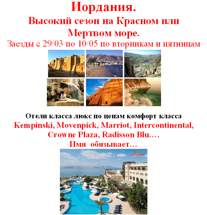 22 Мар 2013 15:37:22 ИОРДАНИЯ. 1/2 DBL от 700 $. Красное и Мертвое моря от фирмы СОЛВЕКС
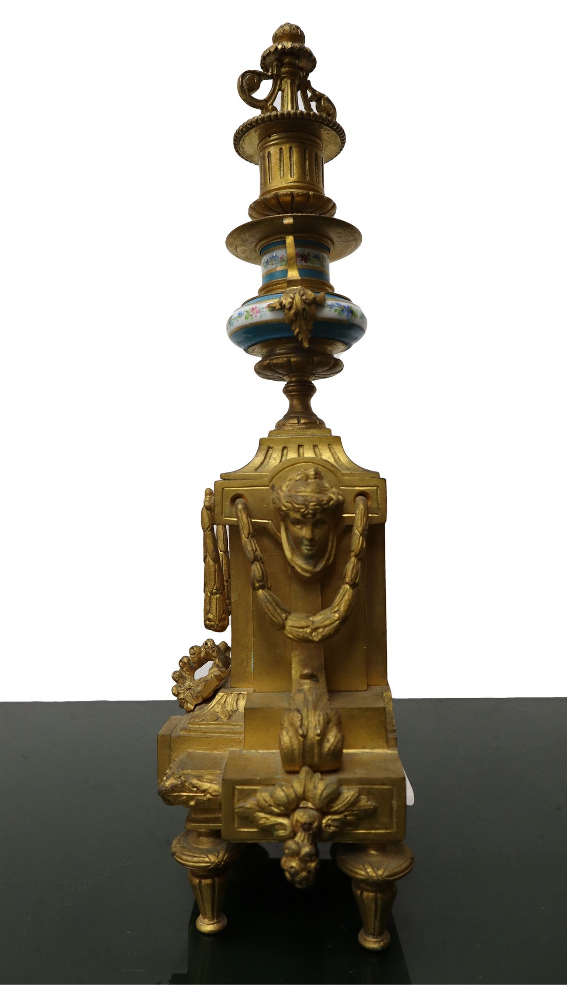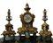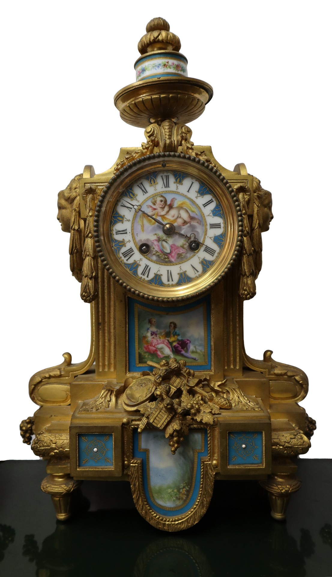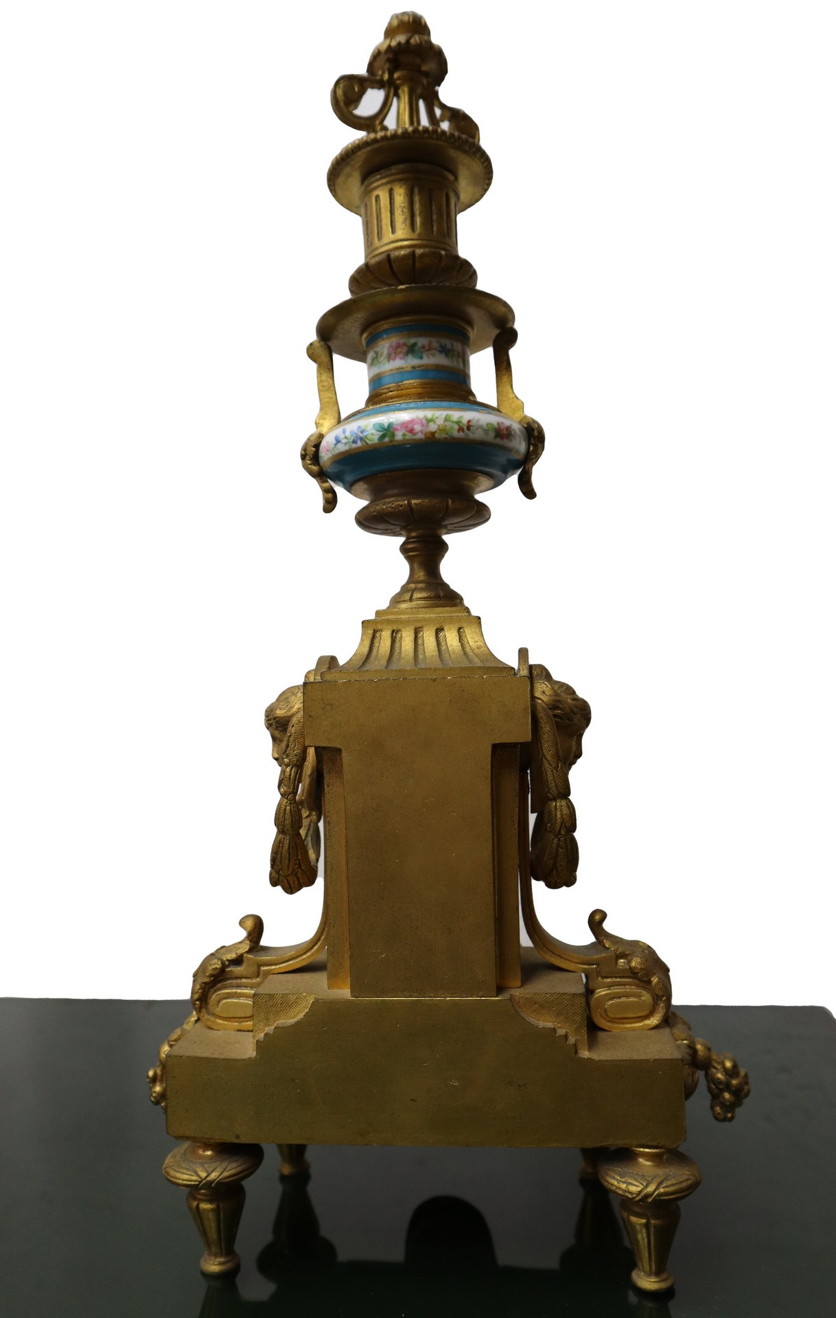Trittico con orologio e coppia candelieri in bronzo dorato e porcellane miniaturizzate , Napoleon III, 19th century France Candelieri H cm 33, Orologio h cm 41, base cm 24 Da revisionare
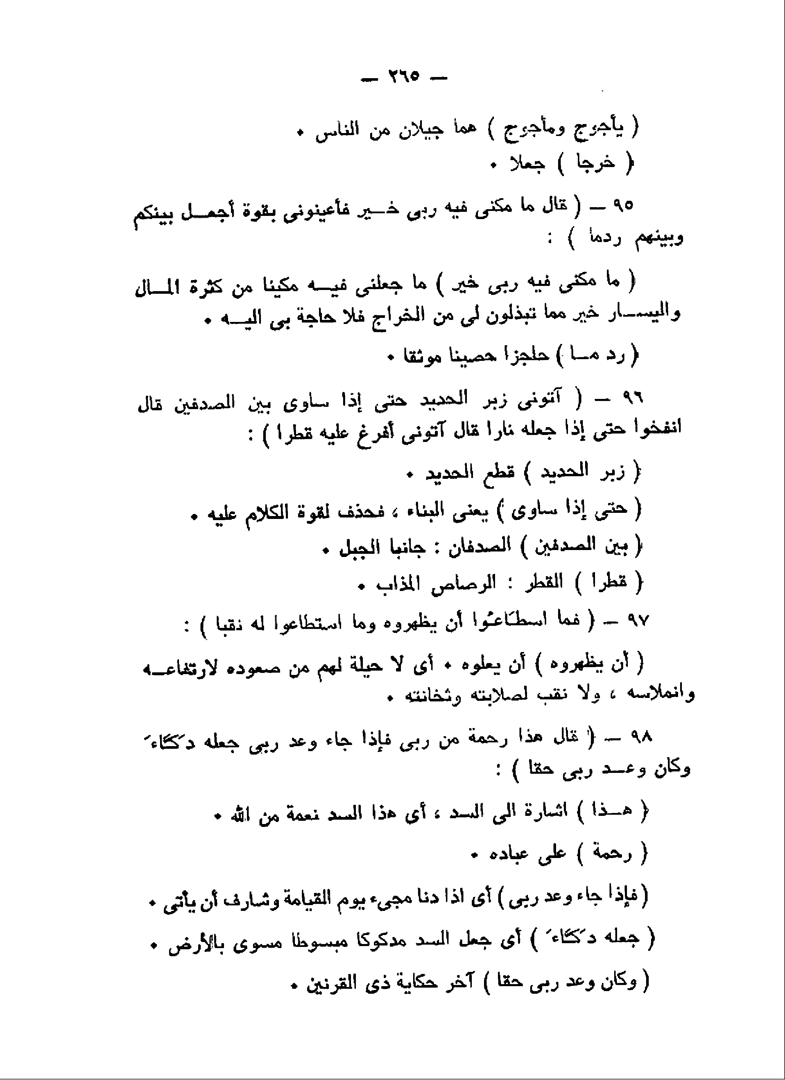 قالَ ما مَكَّنِّي فِيهِ رَبِّي خَيْرٌ فَأَعِينُونِي بِقُوَّةٍ أَجْعَلْ بَيْنَكُمْ وَبَيْنَهُمْ رَدْماً (95) آتُونِي زُبَرَ الْحَدِيدِ حَتَّى إِذا ساوى بَيْنَ الصَّدَفَيْنِ قالَ انْفُخُوا حَتَّى إِذا جَعَلَهُ ناراً قالَ آتُونِي أُفْرِغْ عَلَيْهِ قِطْراً (96) فَمَا اسْطاعُوا أَنْ يَظْهَرُوهُ وَمَا اسْتَطاعُوا لَهُ نَقْباً (97) قالَ هذا رَحْمَةٌ مِنْ رَبِّي فَإِذا جاءَ وَعْدُ رَبِّي جَعَلَهُ دَكَّاءَ وَكانَ وَعْدُ رَبِّي حَقًّا (98)

■ ■ ■

Write out exactly the opening lines of the data, stopping after the line that holds "Trittico con orologio". Exclude pictures.

 22 Мар 2013 15:37:22 ИОРДАНИЯ. 1/2 DBL от 700 $. Красное и Мертвое моря от фирмы СОЛВЕКС
Trittico con orologio e coppia candelieri in bronzo dorato e porcellane miniaturizzate , Napoleon III, 19th century France Candelieri H cm 33, Orologio h cm 41, base cm 24 Da revisionare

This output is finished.